Exception in thread "main" org.apache.spark.SparkException: Application application_1523374609937_10224 finished with failed status
        at org.apache.spark.deploy.yarn.Client.run(Client.scala:1187)
        at org.apache.spark.deploy.yarn.Client$.main(Client.scala:1233)
        at org.apache.spark.deploy.yarn.Client.main(Client.scala)
        at sun.reflect.NativeMethodAccessorImpl.invoke0(Native Method)
        at sun.reflect.NativeMethodAccessorImpl.invoke(NativeMethodAccessorImpl.java:62)
        at sun.reflect.DelegatingMethodAccessorImpl.invoke(DelegatingMethodAccessorImpl.java:43)
        at java.lang.reflect.Method.invoke(Method.java:497)
        at org.apache.spark.deploy.SparkSubmit$.org$apache$spark$deploy$SparkSubmit$runMain(SparkSubmit.scala:782)
        at org.apache.spark.deploy.SparkSubmit$.doRunMain$1(SparkSubmit.scala:180)
        at org.apache.spark.deploy.SparkSubmit$.submit(SparkSubmit.scala:205)
        at org.apache.spark.deploy.SparkSubmit$.main(SparkSubmit.scala:119)
        at org.apache.spark.deploy.SparkSubmit.main(SparkSubmit.scala)
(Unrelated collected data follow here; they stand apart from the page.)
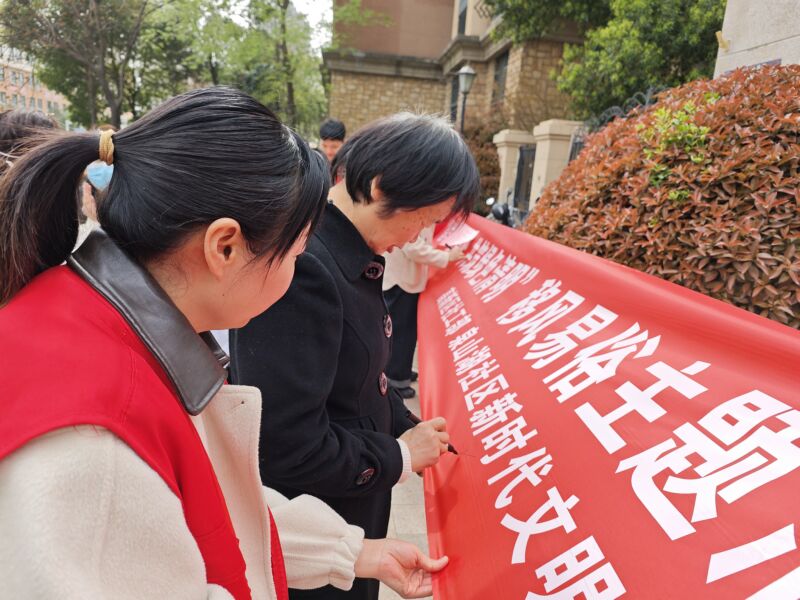 為傳承傳統(tǒng)文化、倡導(dǎo)文明祭掃,淮南高新區(qū)三和鎮(zhèn)泉山湖社區(qū)近日組織開展“倡導(dǎo)文明祭祀 共筑綠色清明”系列主題宣傳活動(dòng),引導(dǎo)社區(qū)居民以低碳環(huán)保方式寄托哀思。圖為社區(qū)居民在主題宣傳條幅上簽名。
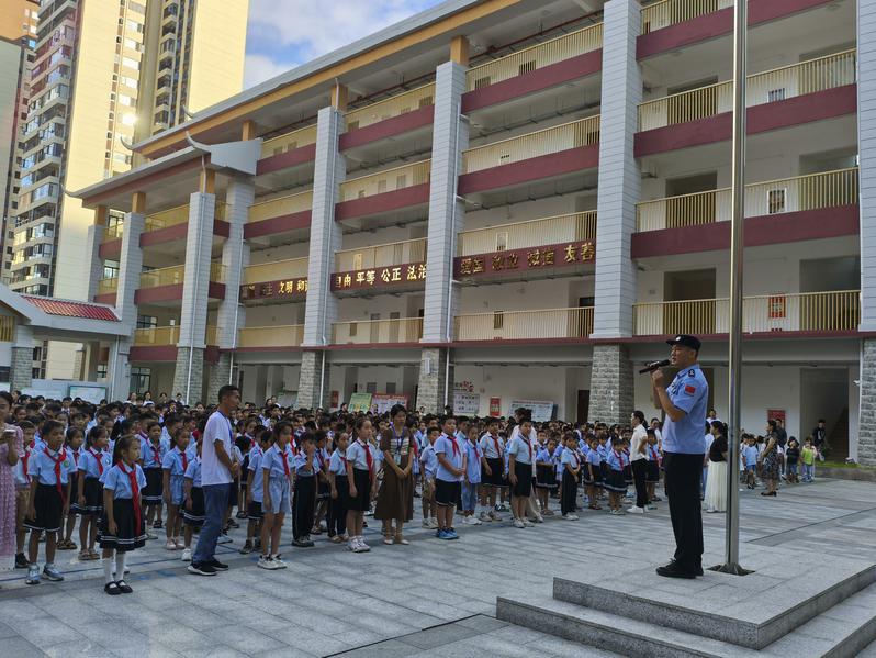 9月15日清晨,广西崇左边境管理支队那艾边境派出所民警借升旗仪式契机,走进辖区小学开展“远离欺凌,阳光成长”防欺凌主题教育活动,为师生带来一堂生动的法治课。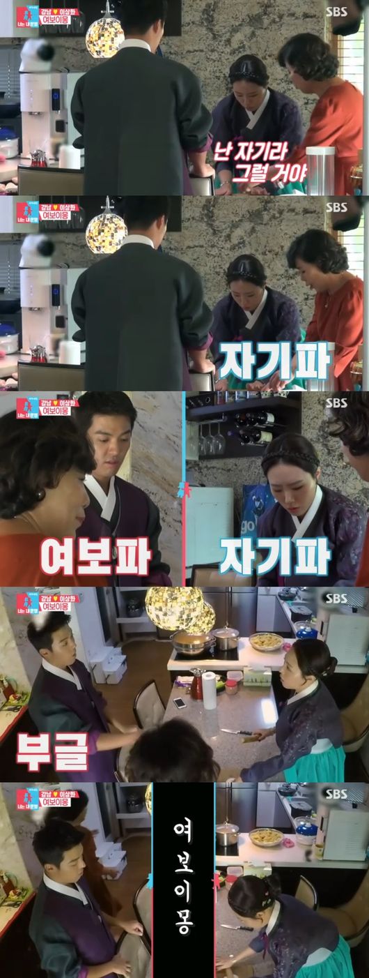 가족들이 모두 모여 함께 만두를 빚기로 했다. 강남은 "한복 예쁘다"며 이상화에게 눈을 떼지 못하면서 "오늘부터 시작되는 느낌, 여보라고 해봐라"고 제안했다. 하지만 이상화는 "싫다"면서 "난 자기라고 그럴 것"이라며 이를 거부했다.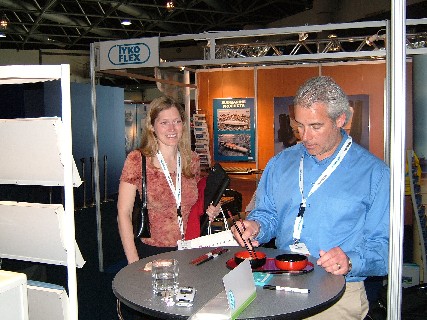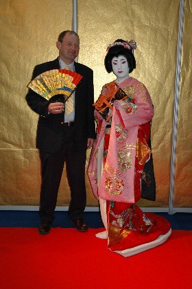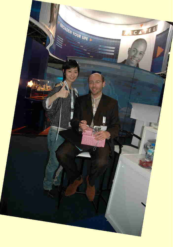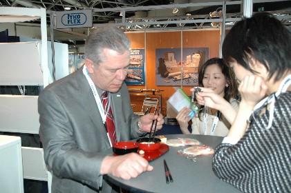 ブースでは箸ゲームで盛り上がった。ピスタチオを箸で1分間にいくつ別の器に入れられるか?というもの。会期中の高得点者にはDigital Cameraを進呈。多くの参加者があった。ちなみに1等賞はフランス人であった。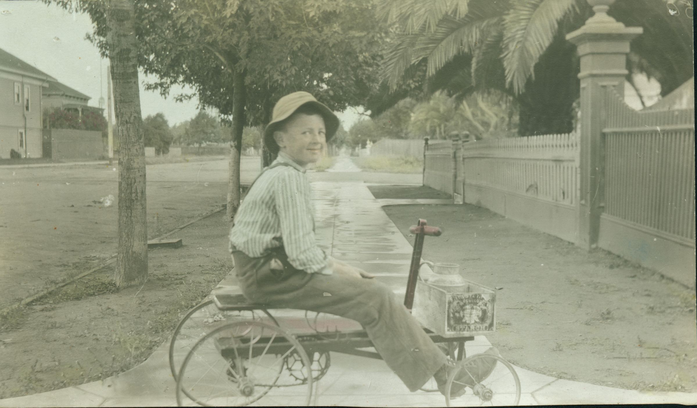Paul Simon (1884-1912) grew up on Tait Avenue, the oldest son of Southern Pacific engineer Peter Simon and his wife, Susan. Paul is pictured here around 1895 on his "Irish Mail" machine. A notable embellishment is the wooden box with a "starch" label. Paul died at age 28. SIM004Collection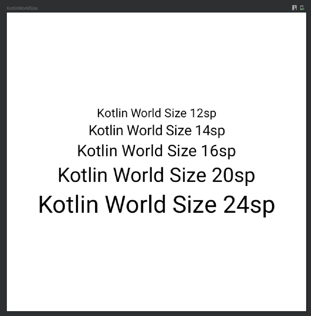 Text(text = "Kotlin World Size 20sp", fontSize = 20.sp)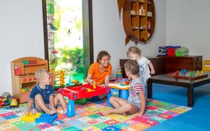 Детская кровать, детские стульчики в ресторане, игровая площадка, бассейн, ...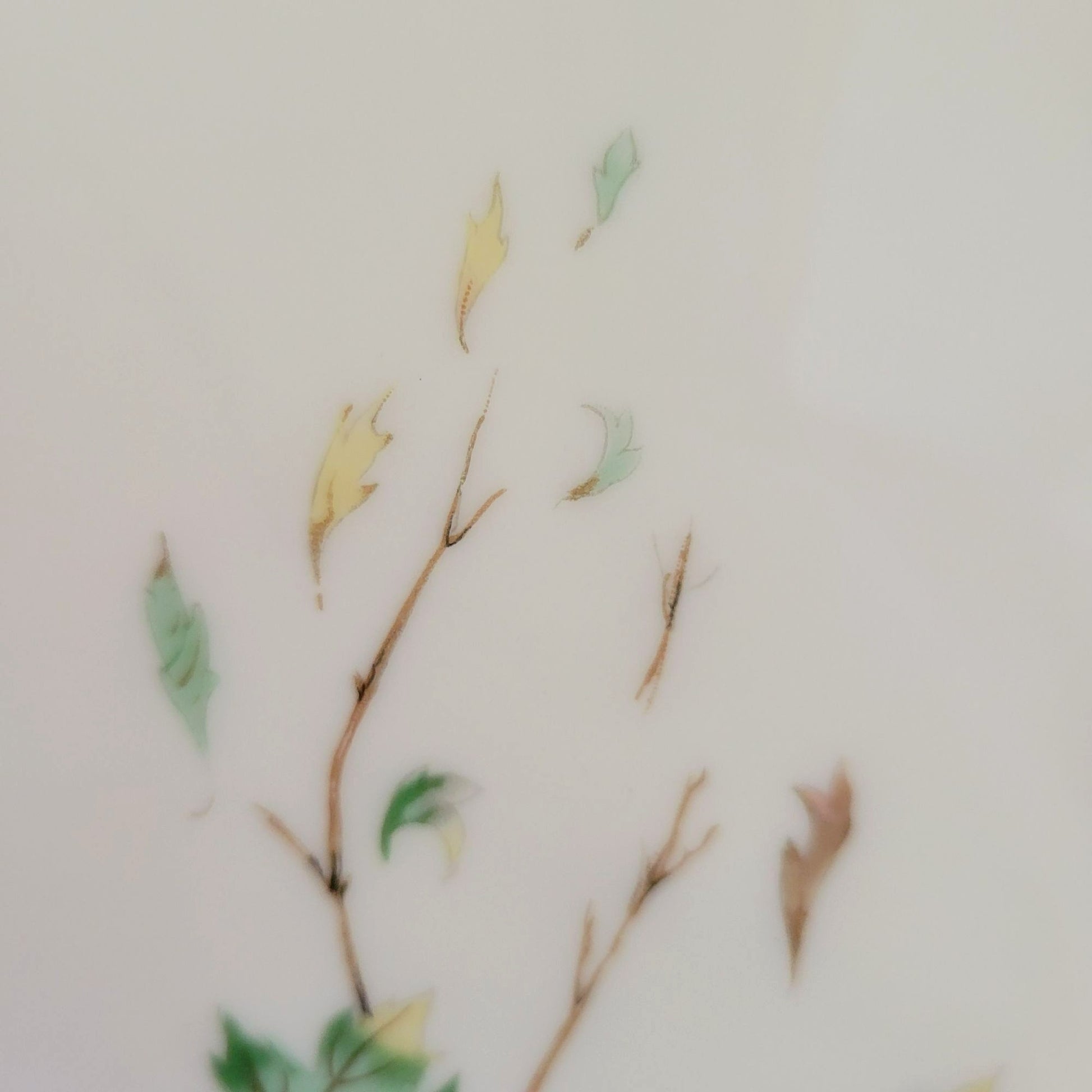 Elegant vintage Lenox Westwind plate features a smooth cream base adorned with green and yellow leaves. Made in the USA, these discontinued china pieces are perfect for collectors or as replacement items.

The same works when we pass the --files parameter:

spark-submit --class com.virtuslab.sparksql.MainClass  --master yarn --deploy-mode cluster --files /etc/spark2/conf/hive-site.xml /tmp/spark-hive-test/spark_sql_under_the_hood-spark2.2.0.jar

Result attached.

Any pointers why it is not using picking up SPARK_YARN_DIST_FILES?

Thanks

Venkat

8 REPLIES 8

avatar
Contributor
@Venkata Sudheer Kumar M

You can use --files parameter while deploying applications on Yarn like,

spark-submit --class com.virtuslab.sparksql.MainClass--master yarn --deploy-mode cluster --files /etc/spark2/conf/hive-site.xml,/etc/spark2/conf/hbase-site.xml /tmp/spark-hive-test/spark_sql_under_the_hood-spark2.2.0.jar

It worked in my case.

avatar
Expert Contributor
@Rohit Khose

As i have given --files does work, but when the file is given as part of SPARK_YARN_DIST_FILES and also the files are available in /etc/spark2/conf/hive-site.xml spark should be able to pick it up these any specific reason that this is not getting picked up?

Thanks

Venkat

avatar
Explorer

@Venkata Sudheer Kumar M

Can you please share the spark documentation which refers "SPARK_YARN_DIST_FILES" ?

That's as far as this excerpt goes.